— WORK TO BE COMPLETED —
All that is needed is the line containing "Tisztelet a hősöknek: felvonták" and the lines after it to the end of the material, written out exactly, pictures left aside.

— DATA FOR THIS EXERCISE —
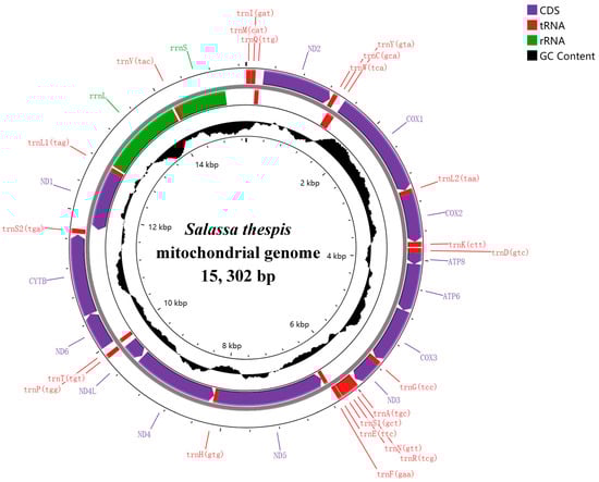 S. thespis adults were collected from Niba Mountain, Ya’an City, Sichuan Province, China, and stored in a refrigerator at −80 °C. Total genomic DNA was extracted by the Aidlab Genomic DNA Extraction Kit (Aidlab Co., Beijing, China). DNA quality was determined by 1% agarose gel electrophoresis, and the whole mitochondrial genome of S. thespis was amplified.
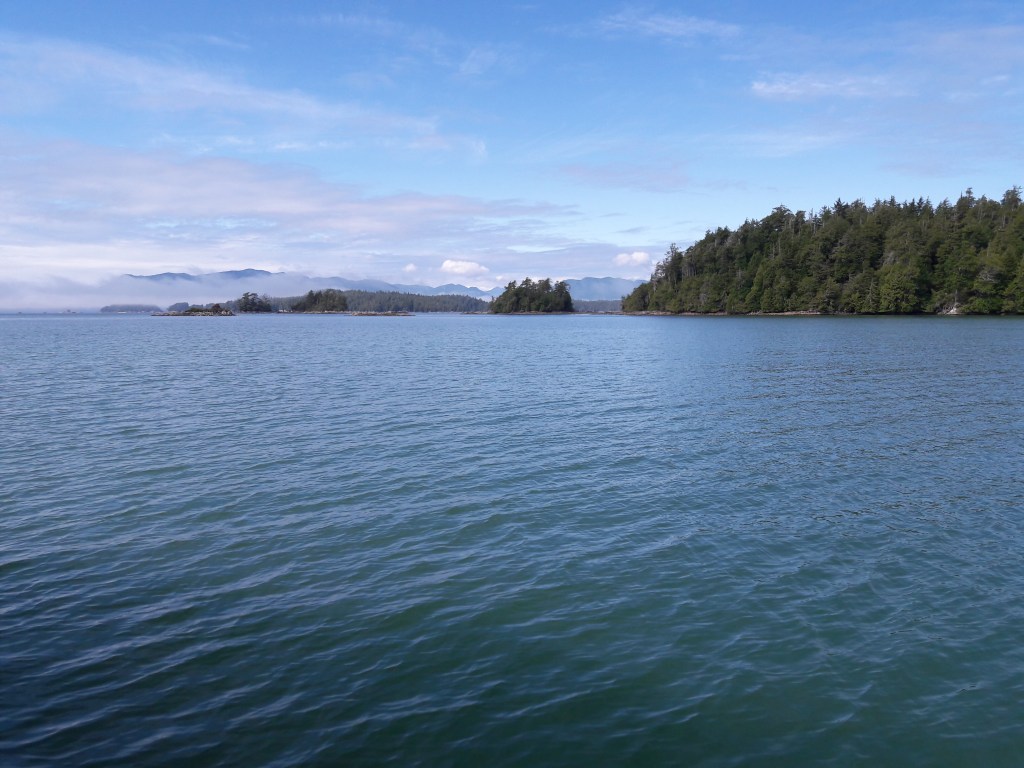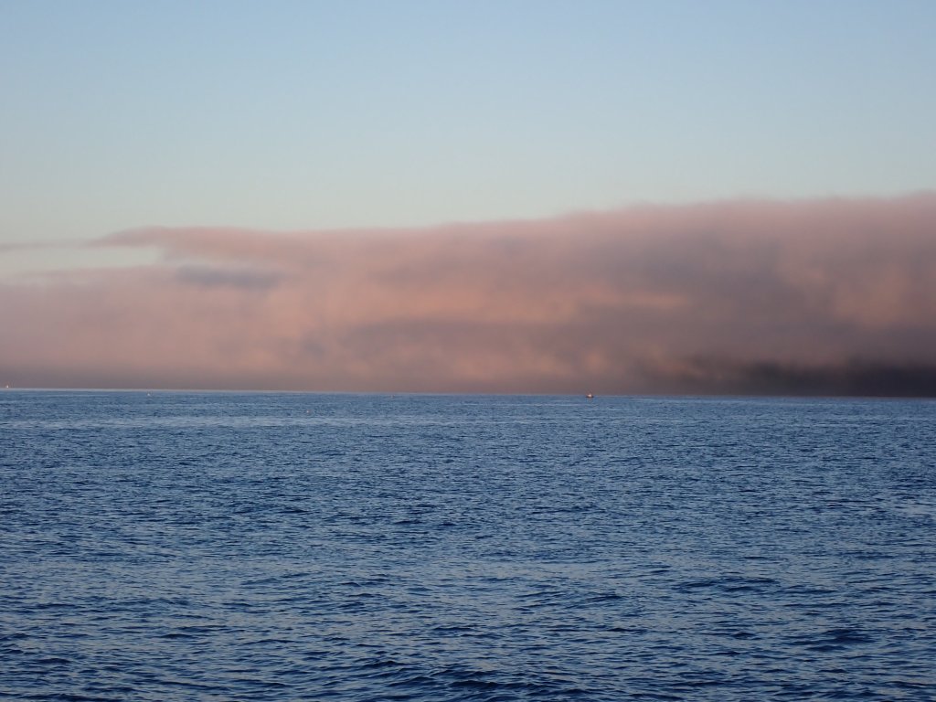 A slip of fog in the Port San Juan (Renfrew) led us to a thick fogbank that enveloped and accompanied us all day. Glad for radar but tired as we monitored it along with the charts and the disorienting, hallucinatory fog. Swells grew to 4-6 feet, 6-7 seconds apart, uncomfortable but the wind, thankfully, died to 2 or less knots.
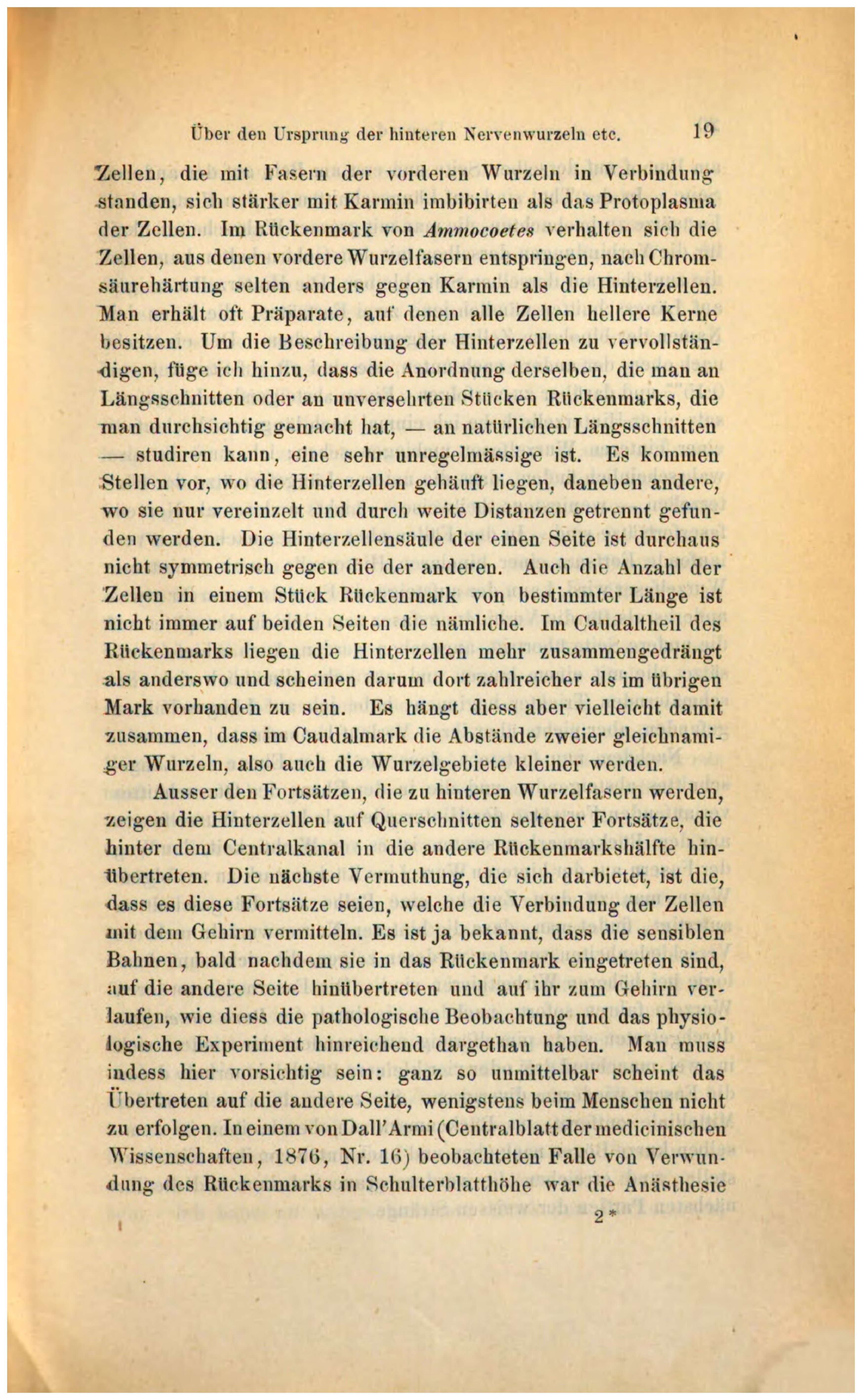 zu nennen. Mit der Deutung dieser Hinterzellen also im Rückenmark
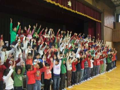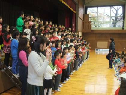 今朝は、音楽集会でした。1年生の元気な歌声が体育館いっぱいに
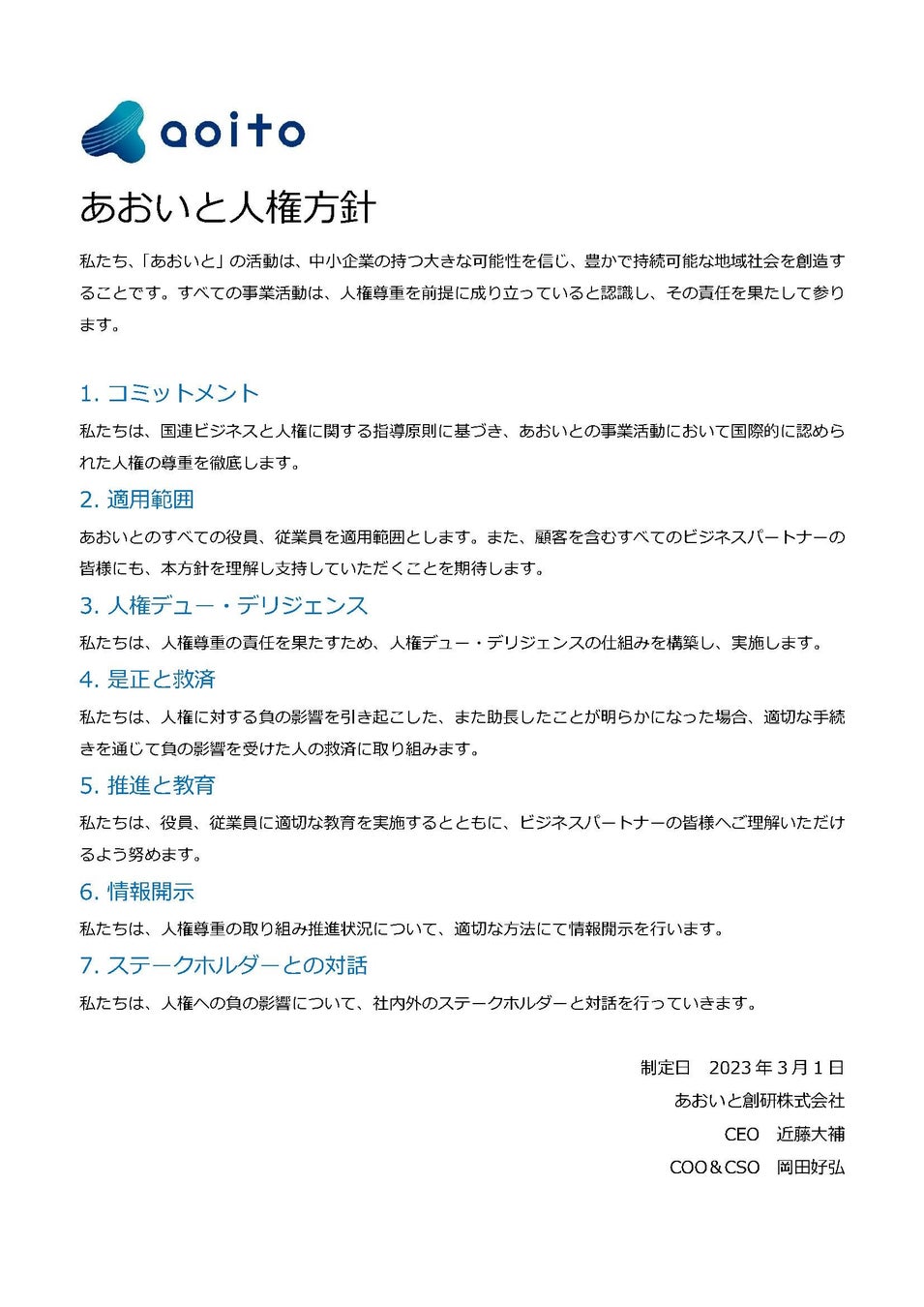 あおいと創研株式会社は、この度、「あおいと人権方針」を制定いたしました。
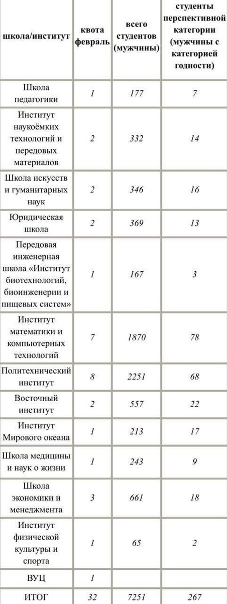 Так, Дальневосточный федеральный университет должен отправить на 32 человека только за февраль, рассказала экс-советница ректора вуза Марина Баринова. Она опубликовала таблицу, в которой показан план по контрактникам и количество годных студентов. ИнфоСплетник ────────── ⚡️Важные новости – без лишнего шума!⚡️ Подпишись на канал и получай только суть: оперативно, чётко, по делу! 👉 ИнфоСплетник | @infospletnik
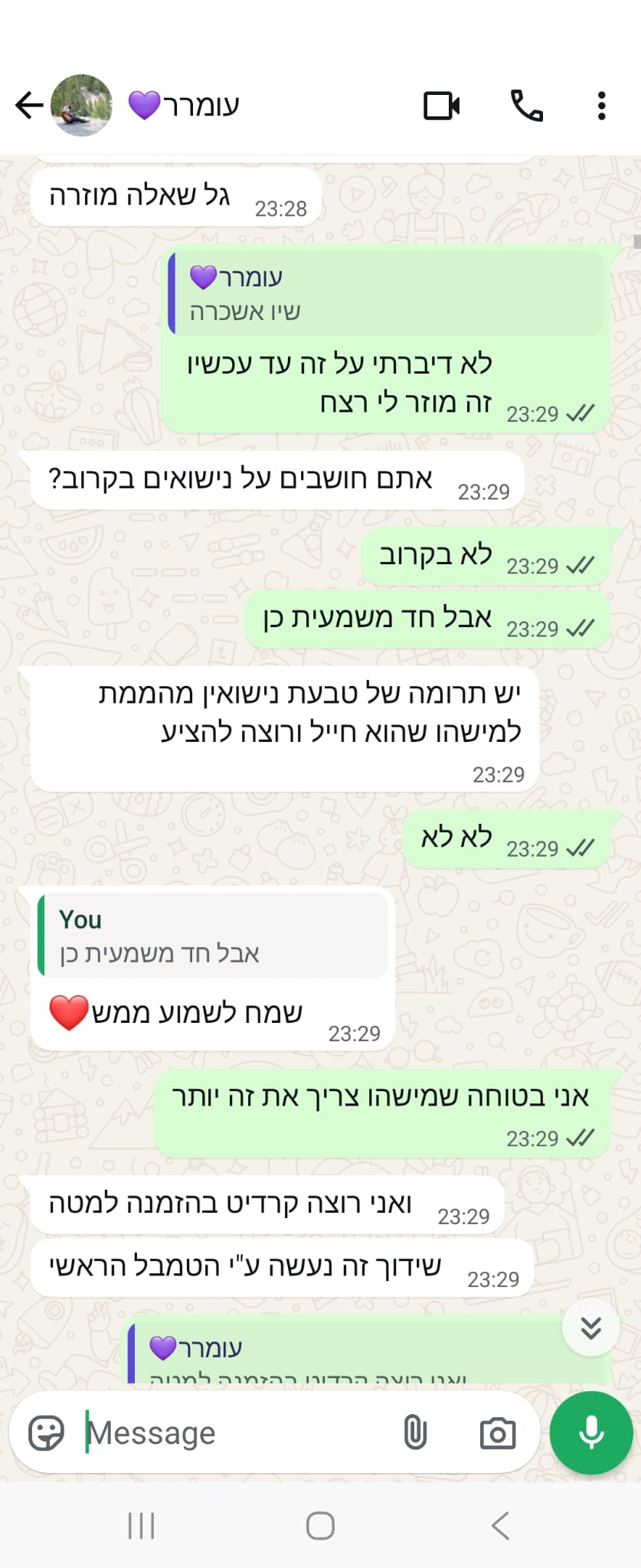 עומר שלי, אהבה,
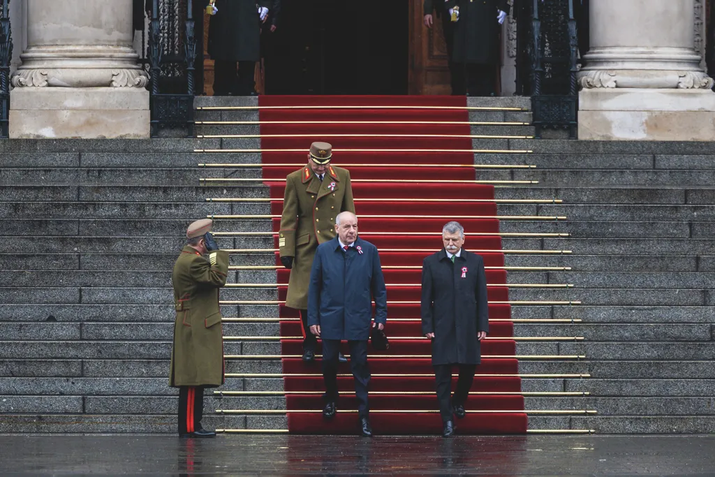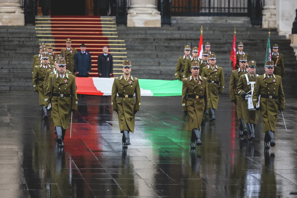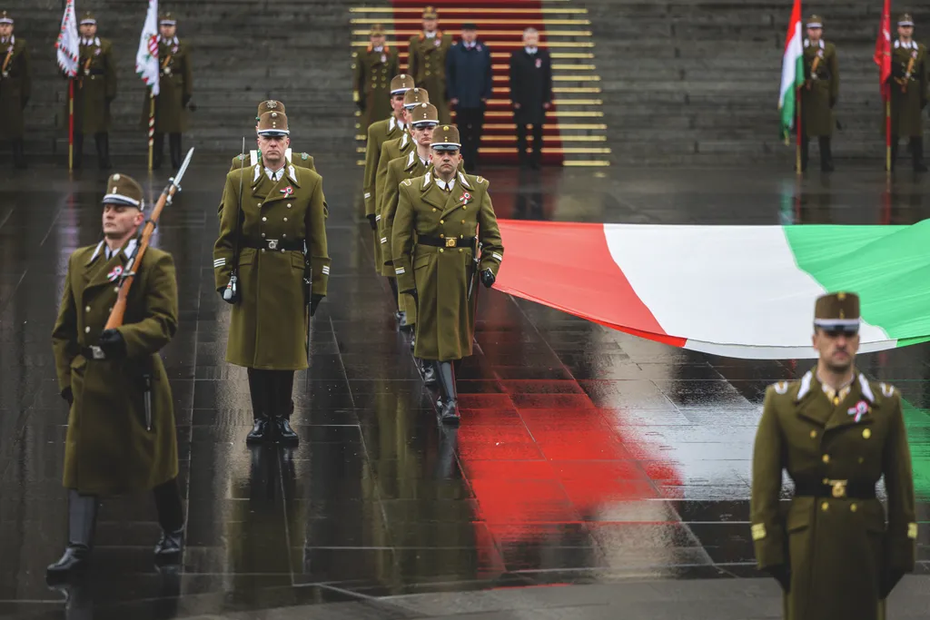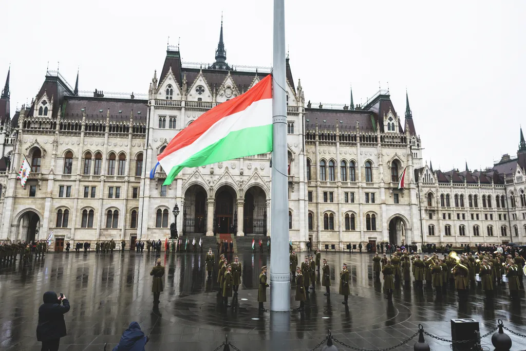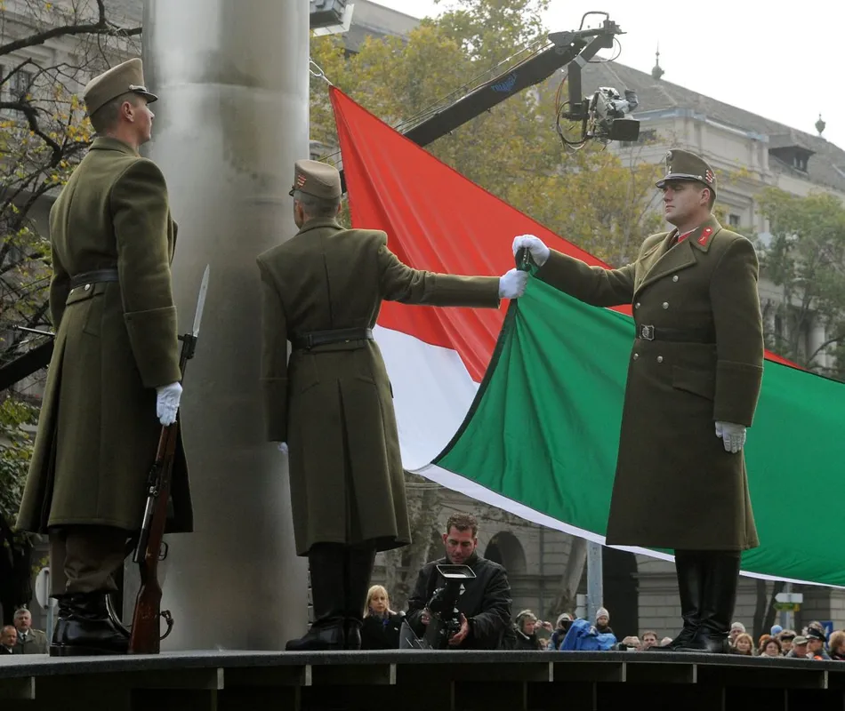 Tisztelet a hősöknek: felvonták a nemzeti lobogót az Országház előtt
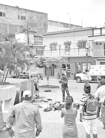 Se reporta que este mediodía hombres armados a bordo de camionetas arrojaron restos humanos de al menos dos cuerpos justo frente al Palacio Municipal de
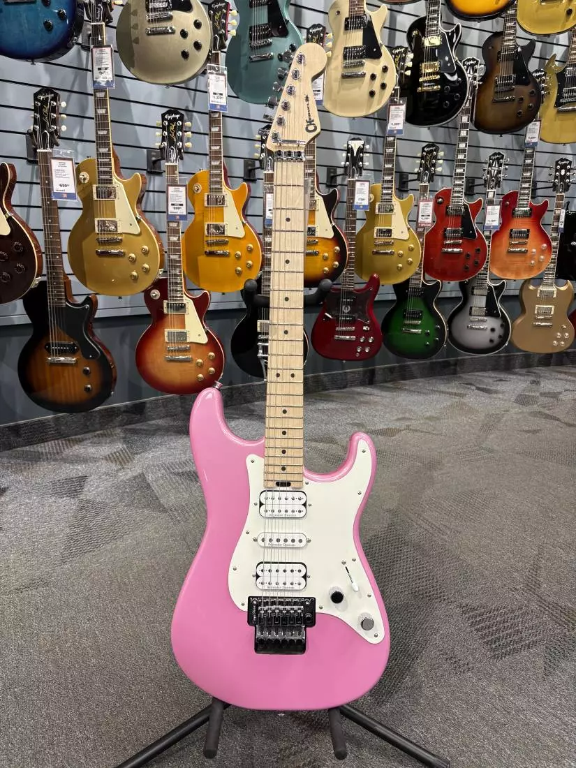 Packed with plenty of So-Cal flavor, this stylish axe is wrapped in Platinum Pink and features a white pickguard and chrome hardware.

— COMPLETED TASK —
 Tisztelet a hősöknek: felvonták a nemzeti lobogót az Országház előtt
 Se reporta que este mediodía hombres armados a bordo de camionetas arrojaron restos humanos de al menos dos cuerpos justo frente al Palacio Municipal de
 Packed with plenty of So-Cal flavor, this stylish axe is wrapped in Platinum Pink and features a white pickguard and chrome hardware.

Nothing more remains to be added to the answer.